Given:
[tex]\lim_{x\to1}\frac{sin(\pi x)}{x-1}[/tex]
1. You need to evaluate it by substituting this value:
[tex]x=1[/tex]
Then:
[tex]=\frac{sin(\pi(1))}{1-1}=\frac{0}{0}[/tex]
2. Since it has an indeterminate form of zero over zero, you can use L'Hopital Rule and derivate the numerator and the denominator:
- Set up:
[tex]\lim_{x\to1}\frac{\frac{d}{dx}(sin(\pi x))}{\frac{d}{dx}(x-1)}[/tex]

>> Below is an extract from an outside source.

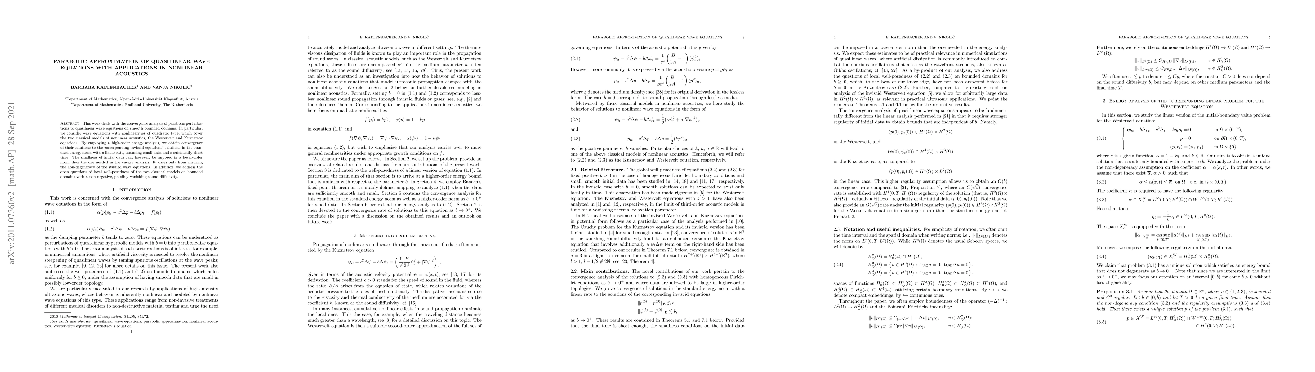 This work deals with the convergence analysis of parabolic perturbations to quasilinear wave equations on smooth bounded domains. In particular, we consider wave equations with nonlinearities of quadratic type, which cover the two classical models of nonlinear acoustics, the Westervelt and Kuznetsov equations. By employing a high-order energy analysis, we obtain convergence of their solutions to the corresponding inviscid equations' solutions in the standard energy norm with a linear rate, assuming small data and a sufficiently short time. The smallness of initial data can, however, be imposed in a lower-order norm than the one needed in the energy analysis. It arises only from ensuring the non-degeneracy of the studied wave equations. In addition, we address the open questions of local well-posedness of the two classical models on bounded domains with a non-negative, possibly vanishing sound diffusivity.

- Apply these Derivative Rules:
[tex]\begin{gathered} \frac{d}{dx}(sin(u(x))=cos(u(x))\cdot u^{\prime}(x) \\ \\ \frac{d}{dx}(x^n)=nx^{n-1} \\ \\ \frac{d}{dx}(k)=0 \end{gathered}[/tex]
Where "k" is a constant.
Then:
[tex]\lim_{x\to1}\frac{cos(\pi x)\cdot(\pi x)^{\prime}}{1}[/tex][tex]\lim_{x\to1}\frac{\pi cos(\pi x)}{1}[/tex][tex]\lim_{x\to1}\pi cos(\pi x)[/tex]
3. Evaluate:
[tex]=\pi cos(\pi(1))=\pi(-1)=-\pi[/tex]
Hence, the answer is:
[tex]=-\pi[/tex]